- [RECORDS SUPPLIED]:

---------------

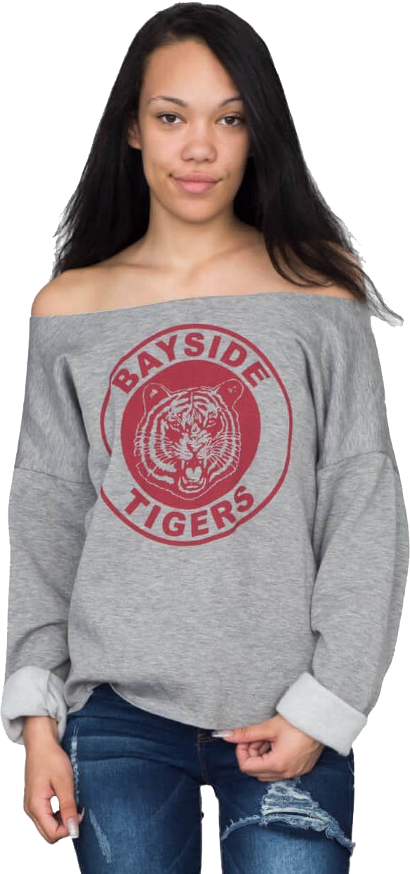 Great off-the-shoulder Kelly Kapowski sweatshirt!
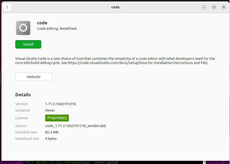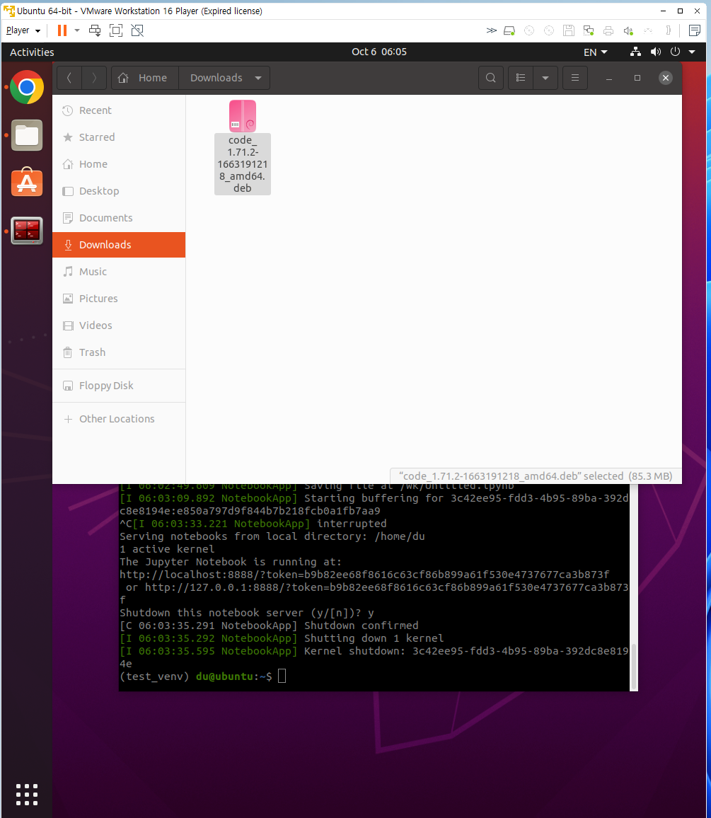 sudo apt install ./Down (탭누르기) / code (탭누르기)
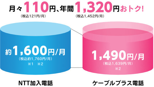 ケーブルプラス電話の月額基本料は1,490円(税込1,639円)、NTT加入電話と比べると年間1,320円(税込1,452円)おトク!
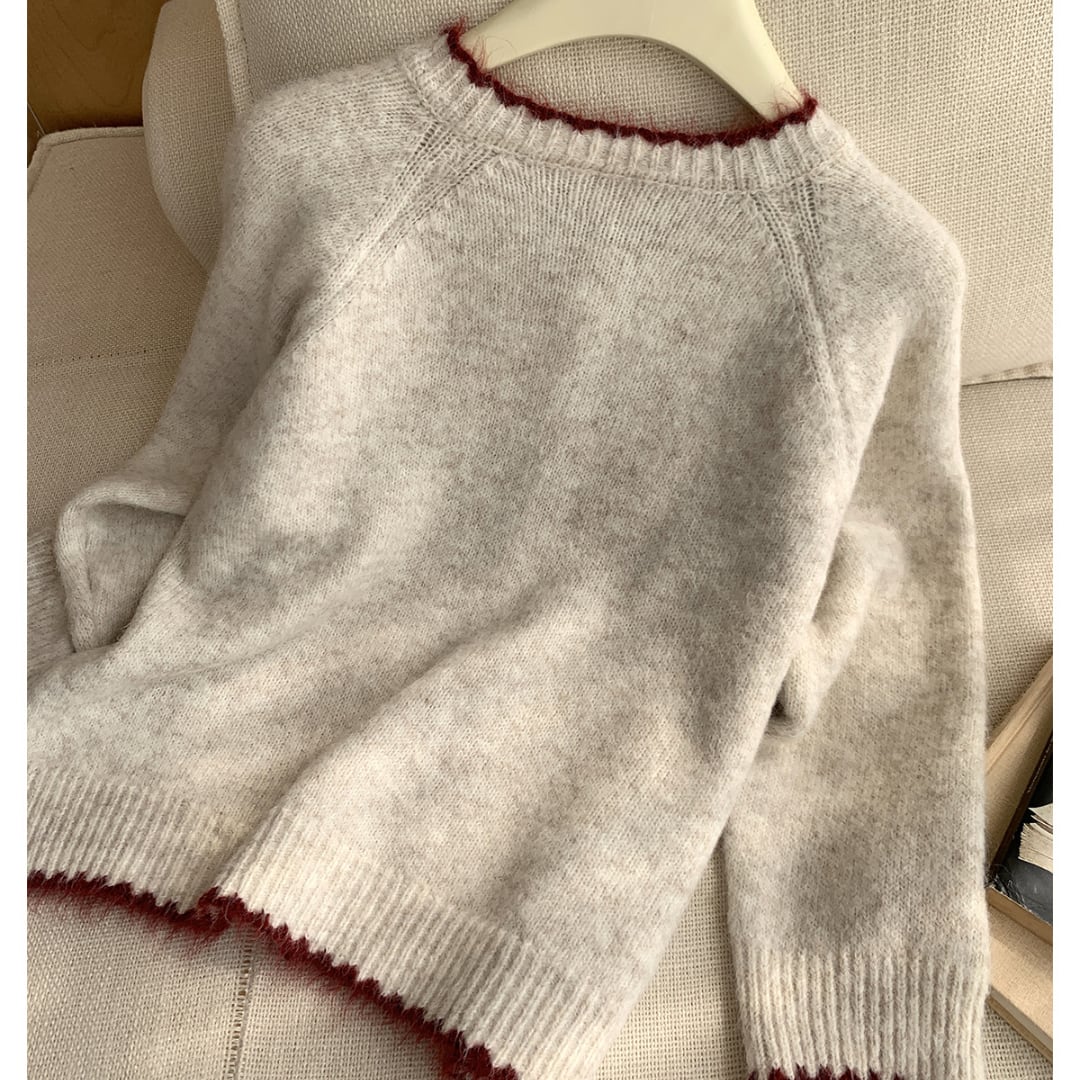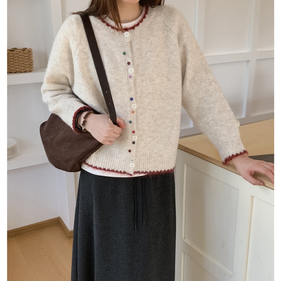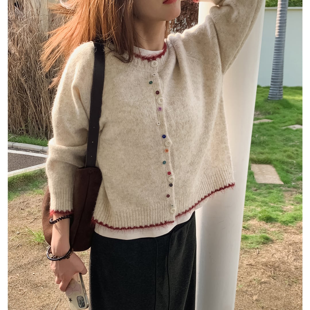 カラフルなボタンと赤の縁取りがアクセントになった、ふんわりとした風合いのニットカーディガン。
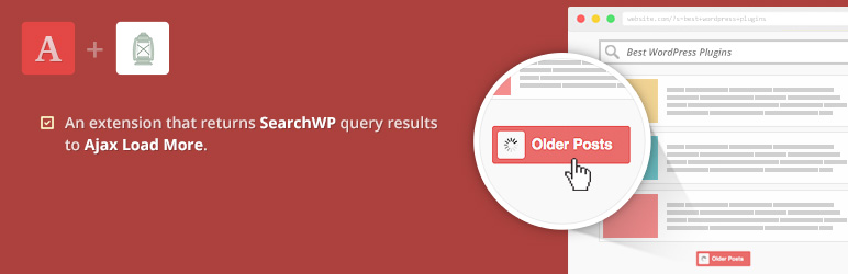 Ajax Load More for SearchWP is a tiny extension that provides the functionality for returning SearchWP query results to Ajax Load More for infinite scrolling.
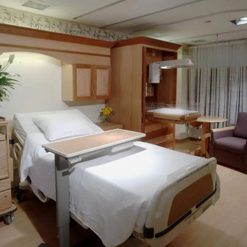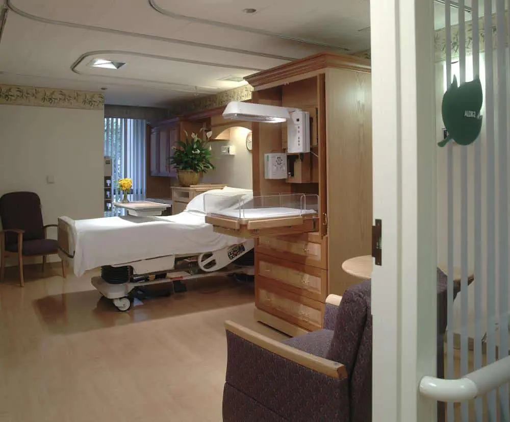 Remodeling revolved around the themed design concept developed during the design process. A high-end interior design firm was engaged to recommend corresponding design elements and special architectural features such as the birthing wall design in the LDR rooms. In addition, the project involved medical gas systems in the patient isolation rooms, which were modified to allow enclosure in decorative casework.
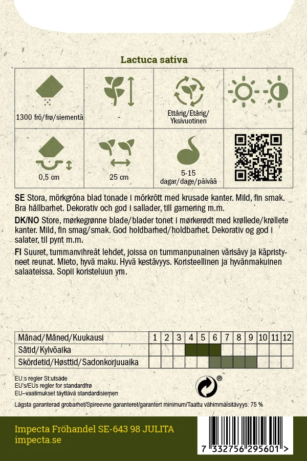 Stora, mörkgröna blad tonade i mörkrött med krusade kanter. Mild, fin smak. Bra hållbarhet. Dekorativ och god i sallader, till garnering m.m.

---------------

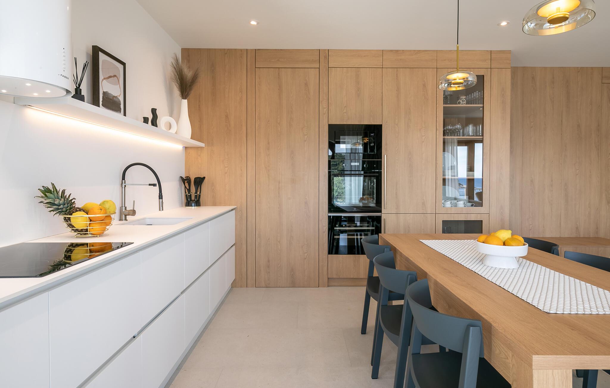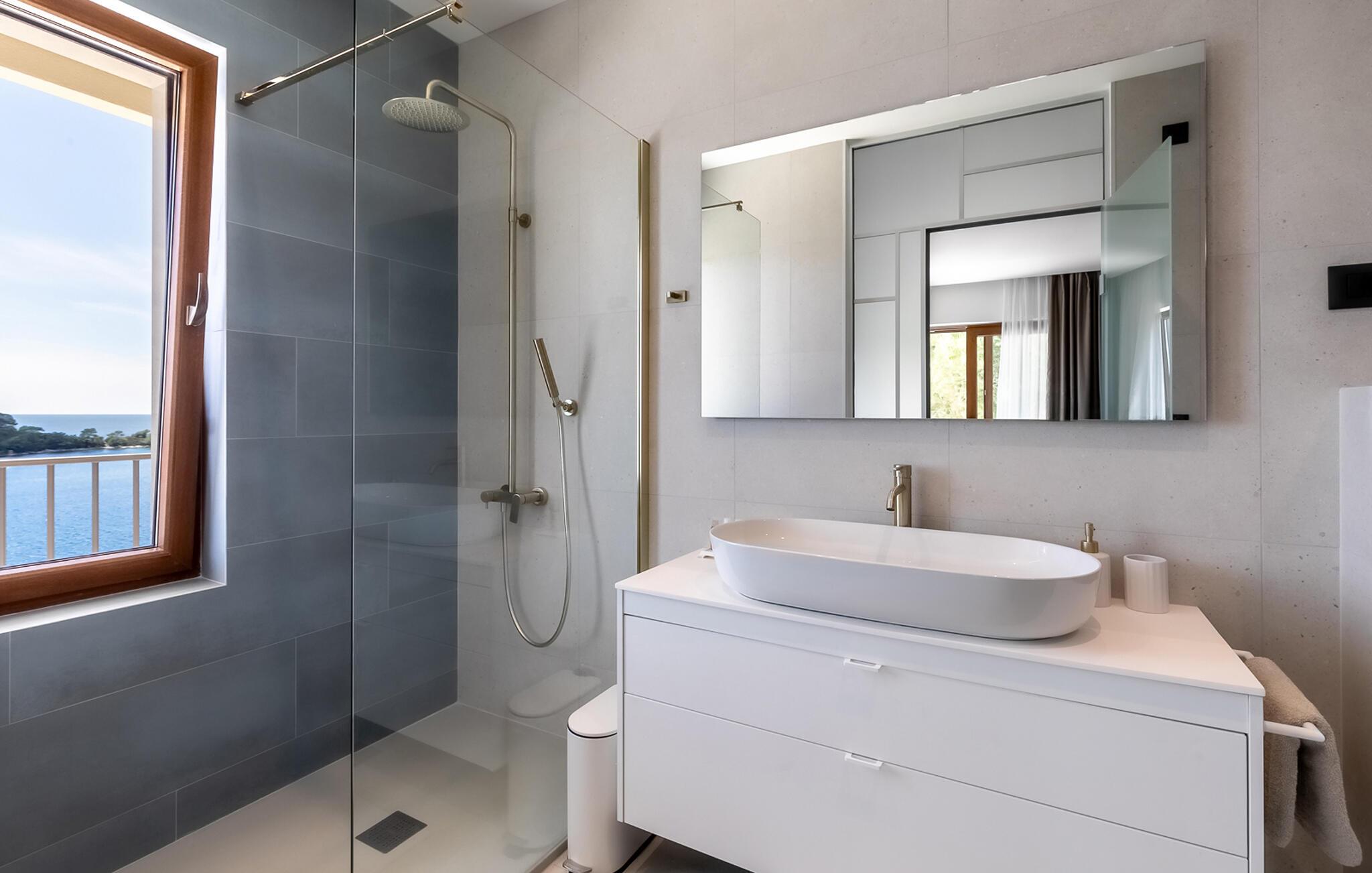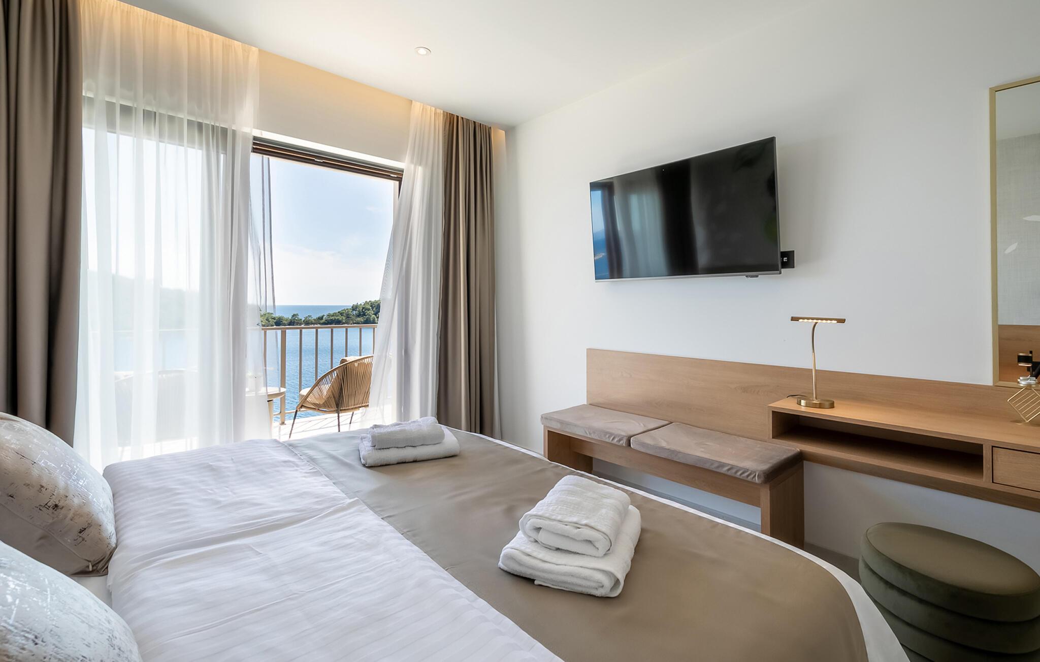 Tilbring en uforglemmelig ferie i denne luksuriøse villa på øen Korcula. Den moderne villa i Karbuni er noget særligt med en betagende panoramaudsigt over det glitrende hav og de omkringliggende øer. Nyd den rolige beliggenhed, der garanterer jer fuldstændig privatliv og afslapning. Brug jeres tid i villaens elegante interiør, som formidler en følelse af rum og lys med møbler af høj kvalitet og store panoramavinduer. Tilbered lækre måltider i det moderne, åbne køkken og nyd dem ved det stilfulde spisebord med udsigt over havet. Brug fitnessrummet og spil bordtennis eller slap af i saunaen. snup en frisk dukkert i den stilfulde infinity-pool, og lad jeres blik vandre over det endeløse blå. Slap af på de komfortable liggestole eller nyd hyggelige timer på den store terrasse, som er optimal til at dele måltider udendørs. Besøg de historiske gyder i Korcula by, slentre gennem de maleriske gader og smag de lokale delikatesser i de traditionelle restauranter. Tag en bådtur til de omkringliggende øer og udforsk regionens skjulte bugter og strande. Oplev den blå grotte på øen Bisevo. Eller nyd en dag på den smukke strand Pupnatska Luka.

---------------

Beginning with the line above that contains "ケーブルプラス電話の月額基本" and ending with the line that contains "Ajax Load More for SearchWP", quote each line exactly, keeping out the pictures.

- [EXPECTED ANSWER]:
 ケーブルプラス電話の月額基本料は1,490円(税込1,639円)、NTT加入電話と比べると年間1,320円(税込1,452円)おトク!
 カラフルなボタンと赤の縁取りがアクセントになった、ふんわりとした風合いのニットカーディガン。
 Ajax Load More for SearchWP is a tiny extension that provides the functionality for returning SearchWP query results to Ajax Load More for infinite scrolling.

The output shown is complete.